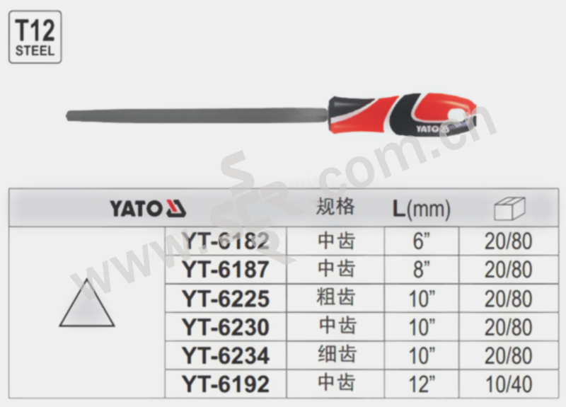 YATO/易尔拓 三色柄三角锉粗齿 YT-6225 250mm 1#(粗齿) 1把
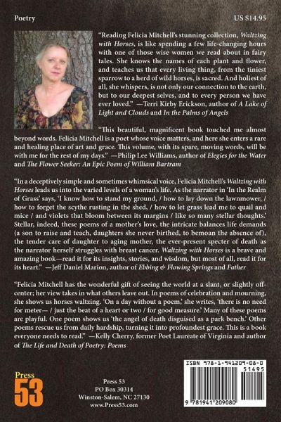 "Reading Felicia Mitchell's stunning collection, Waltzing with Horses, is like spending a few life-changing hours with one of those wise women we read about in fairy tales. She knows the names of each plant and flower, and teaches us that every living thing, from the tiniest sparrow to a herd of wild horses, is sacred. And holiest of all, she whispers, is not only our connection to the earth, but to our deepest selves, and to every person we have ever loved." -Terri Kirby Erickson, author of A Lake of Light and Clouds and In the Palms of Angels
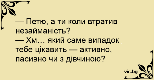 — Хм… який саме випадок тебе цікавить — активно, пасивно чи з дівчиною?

---------------

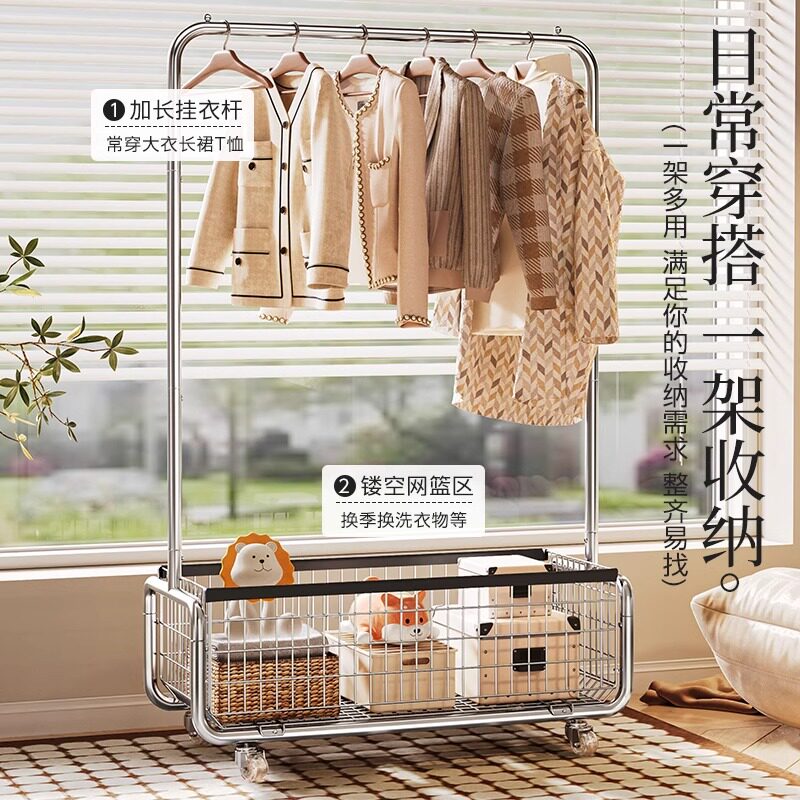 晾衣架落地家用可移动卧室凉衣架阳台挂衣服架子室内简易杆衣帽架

---------------

What you write out is the stretch of entries from the line containing "YATO/易尔拓 三色柄三角锉粗齿 YT-6225 250mm 1#(粗齿) 1把" to the line containing "Palms of Angels", word for word, with both end lines and no pictures.

§ Worked solution
 YATO/易尔拓 三色柄三角锉粗齿 YT-6225 250mm 1#(粗齿) 1把
 "Reading Felicia Mitchell's stunning collection, Waltzing with Horses, is like spending a few life-changing hours with one of those wise women we read about in fairy tales. She knows the names of each plant and flower, and teaches us that every living thing, from the tiniest sparrow to a herd of wild horses, is sacred. And holiest of all, she whispers, is not only our connection to the earth, but to our deepest selves, and to every person we have ever loved." -Terri Kirby Erickson, author of A Lake of Light and Clouds and In the Palms of Angels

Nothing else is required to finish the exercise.